MANIFESTAÇÕES Na véspera do julgamento do ex-presidente Lula, Porto Alegre e outras cidades brasileiras,inclusive Belo Horizonte, registraram manifestações a favor e contra Lula, caso de Belo Horizonte. Na capital gaúcha, os atos começaram logo cedo. Na Bahia, integrantes do Movimento dos Trabalhadores Rurais Sem-Terra (MST) bloquearam cinco rodovias federais e quatro estaduais na manhã de ontem. Em Brasília, militantes pró e contrários a Lula quase entraram em confronto na Praça dos Três Poderes após um petista ter a bandeira arrancada das mãos. A polícia reagiu e controlou o tumulto com sprays de pimenta.
A capital gaúcha, que amanheceu quente e com policiais espalhados nas principais ruas da cidade, presenciou, desde cedo, manifestações a favor de Lula.

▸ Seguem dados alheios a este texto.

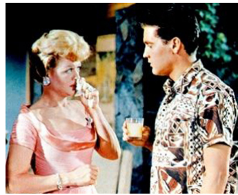
1961 SOUS LE CIEL BLEU D'HAWAII (Blue Hawaii) de Norman Taurog avec Elvis Presley

O primeiro deles seria realizado na Assembleia Legislativa do Rio Grande do Sul, mas uma pane elétrica — segundo os organizadores do ato, uma sabotagem — obrigou os manifestantes a protestarem no meio da rua. “Não tenho dúvidas de que a falta de energia foi premeditada pelo governo”, disse a deputada federal Maria do Rosário (PT).